# Meter can next to driveway?



## backstay (Feb 3, 2011)

Gulftrician said:


> Hello everyone. I am new to this site. I have been reading your posts for some years though. I am wiring a townhome and was wondering if there was anything I missed about putting a meter can next to the driveway. Maybe something about physical damage? I couldn't find anything and the contractor wants me to put it there. It is an underground feed. Thoughts or code references? Thanks.

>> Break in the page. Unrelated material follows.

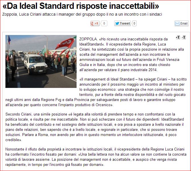 ''Normalmente le grandi società sono in grado di avere un rapporto misurato con il territorio in cui operano ma qui l'impressione e' stata differente, di modalità adottate ritenendo che questo fosse un Paese debole in cui si sarebbe potuto fare di tutto''. Cosi' il Presidente di Unindustria Pordenone, Michelangelo Agrusti, all'indomani della decisione assunta dalla Territoriale di Confindustria di non rappresentare più Ideal STandard in alcuna sede istituzionale, durante una conferenza stampa alla quale, questa mattina, hanno preso parte anche i vice presidenti Sergio Barel, Marco Camuccio, e Andrea Malacart. ''La comunità degli imprenditori di questa provincia ha altri codici - ha spiegato Agrusti - e sviluppato nel tempo una cultura di relazioni sindacali straordinaria. Intendiamoci: Unindustria assiste le aziende in difficoltà che sono in qualche modo giunte al capolinea ma e' chiaro, direi evidente, che nel momento in cui esistono concrete possibilità di ripresa o rilancio, noi alla morte scegliamo la vita. Preferiamo che le imprese che sono ancora in grado di farlo proseguano perché e' stato il manifatturiero a garantire la cifra industriale a questo territorio''. L'analitica ricostruzione della cronologia che ha ruotato attorno alla vicenda Ideal Standard e' già proiettata al futuro: ''Abbiamo chiesto e ottenuto una riunione al Mise per la prossima settimana - ha informato il Presidente - ragionevolmente mercoledì o giovedì, ci sono obbligazioni che in quella sede sono state assunte e che in quella sede debbono essere verificate. Certo - ha proseguito - trovo imbarazzante che a fronte dell'atteggiamento del Governo, che grazie anche all'interessamento della Regione aveva collocato IS in una short list di cassa in deroga sino a dicembre, eventualità davvero straordinaria che avrebbe garantito molte cose, sia stato raccolto un atteggiamento sprezzante non solo nei confronti di Pordenone e delle sue Istituzioni ma anche di quelle nazionali. Ognuno decide di vivere con l'eleganza che vuole, certo e' che qui discutiamo della vita di 450 persone''. Agrusti, ricordando l'atteggiamento estremamente responsabile delle organizzazioni sindacali, ha confermato che Unindustria, pur non rappresentando più IS, ''non si sottrarrà dall'obbligo civile di contribuire con tutti i soggetti rimasti in campo, affinché si individui una soluzione per il mantenimento dell'attività produttiva''.

Welcome to the forum. In the driveway no, next to it no issue. Let common sense be your guide.


----------



## Inspectorclouseau (Oct 28, 2015)

General Code rules require electrical equipment to not be installed in locations where it will be subject to mechanical damage (like vehicles backing in and out of driveways). Check with your utility provider, they often have requirements which prohibit such a location unless a bollard or similar means of providing protection is installed.


----------



## backstay (Feb 3, 2011)

On the lawn is not a driving area, normally. If backing into it was a code issue, we could never put RV peds in. Again, common sense. Sorry for the 90 degree picture. The white at the"bottom" is driveway.


----------



## drsparky (Nov 13, 2008)

backstay said:


> On the lawn is not a driving area, normally. If backing into it was a code issue, we could never put RV peds in. Again, common sense. Sorry for the 90 degree picture. The white at the"bottom" is driveway.




Isn't that low to the ground in snowy Minnesota?:001_huh:


----------



## RePhase277 (Feb 5, 2008)

drsparky said:


> Isn't that low to the ground in snowy Minnesota?:001_huh:


You're still not seeing it right... it's actually mounted to a wall with a realistic mural painted on it. Damn fine brush work:thumbup:


----------